Comparisons of different groups of students with respect to mean scale scores, achievement-level percentages, percentiles, and student group percentages are of primary interest to users of NAEP results. The user needs to refer to the results of statistical tests, rather than the observed differences, before making any statement indicating that the differences observed in the sample(s) represent actual differences in the population(s). In this section, there is additional information on the statistical tests used in NAEP. A t test for independent groups is used to compare population means where there is no overlap in terms of sampled students representing these populations. A t test for partially overlapping groups is used when part-whole comparisons are being made (e.g., comparing a state to the nation).
By convention, the results in reports and online tools indicate that means, percentiles, or percentages from two groups are different (e.g., one group performed higher or lower than another group) only when the difference in the point estimates is statistically significant at an alpha level of .05.
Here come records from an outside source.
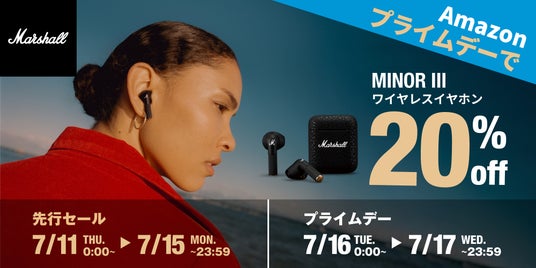 完実電気株式会社はAmazonで2024年7月11日(木)0:00から7月15日(月)23:59まで開催される「プライムデー先行セール」および、7月16日(火)0:00から7月17日(水)23:59まで開催される「Amazon プライムデー」において、Marshallの人気完全ワイヤレスイヤホン《Minor III》を20%OFFにて販売します。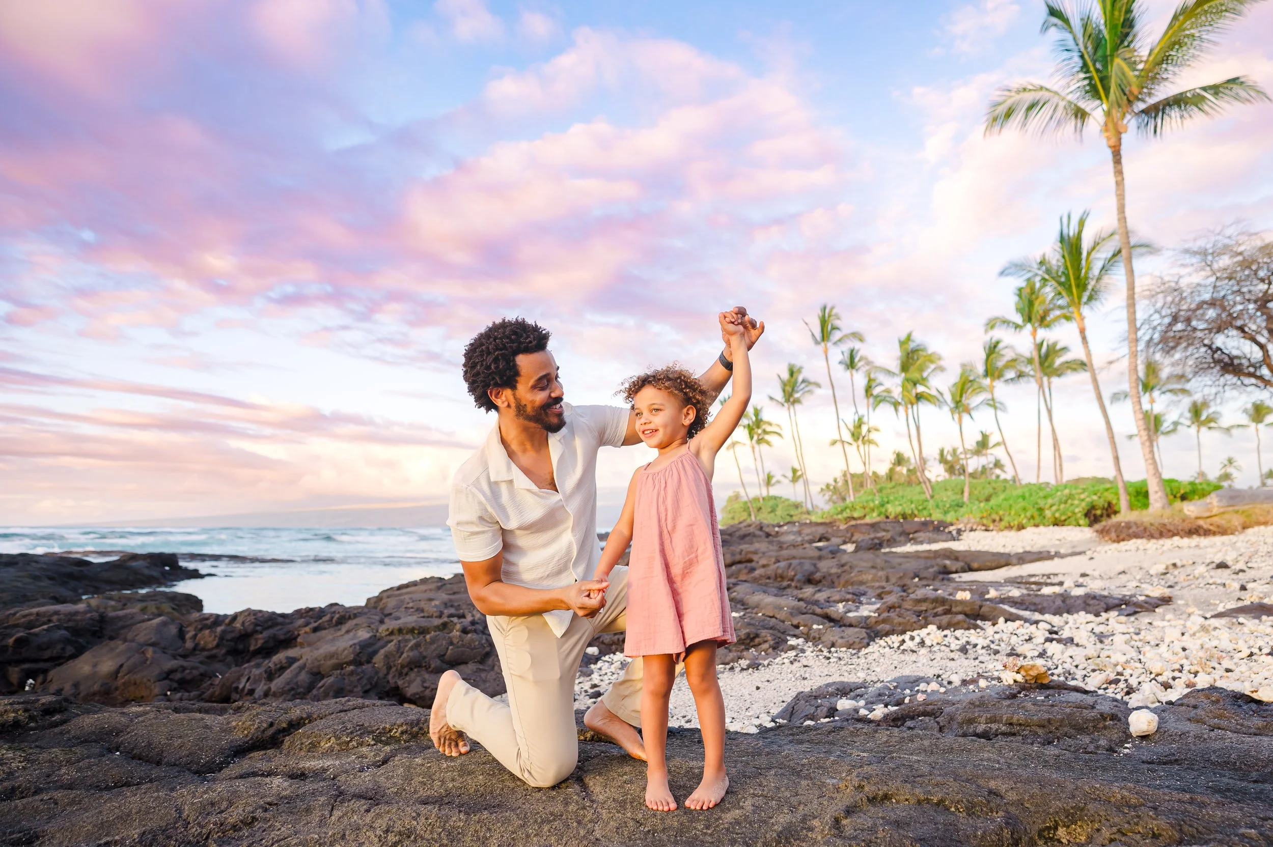 Our sessions are all about connection, color, and joy. As Big Island family photographers, we know the most accessible beaches and scenic backdrops for every kind of group. We guide you every step of the way with wardrobe styling, our client closet, and a session flow that feels like a family beach day—not a photo shoot. Expect giggles, hugs, and moments that feel totally you.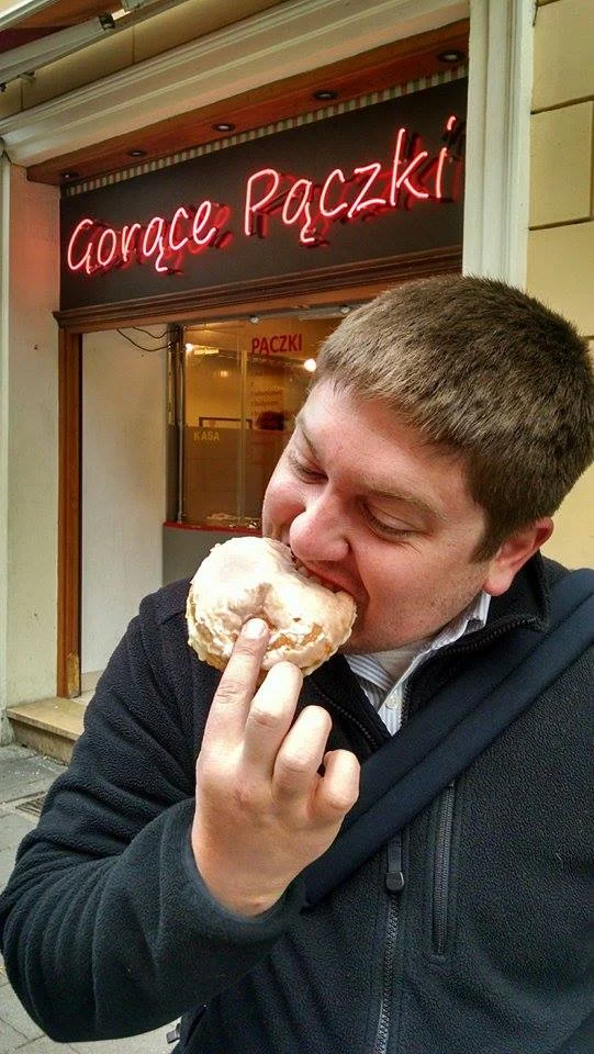 aaron eating his Paczki. He was much more civil about it, I gobbled mine down.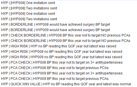 These searches support achievement of the HYP008 and HYP009 indicators, which focus on blood pressure control in patients with hypertension: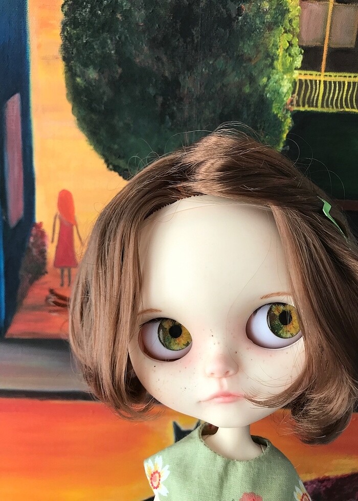 Dudak , burun ve çeneyi yeniden şekillendirdim. Gözleri cam göz olarak değiştirdim ve ipek kirpik taktım. Kıyafeti ve oyuncağı özel tasarladım. Yüzünü vernikledim makyajı sabitledim ancak yine de yıkama silme vs önermiyorum. Oyuncak değildir.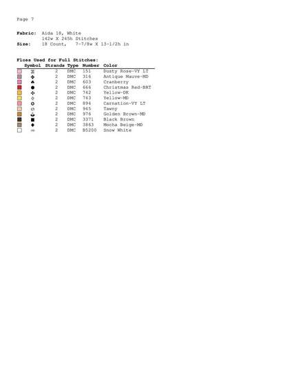 A Symbol Key page in DMC floss code

Since 1998, t tests have been used for results disseminated through official NAEP reports. These tests are appropriate when the statistics that are being compared are based on a sampling distribution which is not fairly normal. However, the degrees of freedom in that distribution need to be determined to define the exact shape of the student t-distribution. The degrees of freedom often refer to the total number of independently variable elements in the sample. In NAEP, determining the number of independently variable elements is not straightforward; therefore, the number is estimated.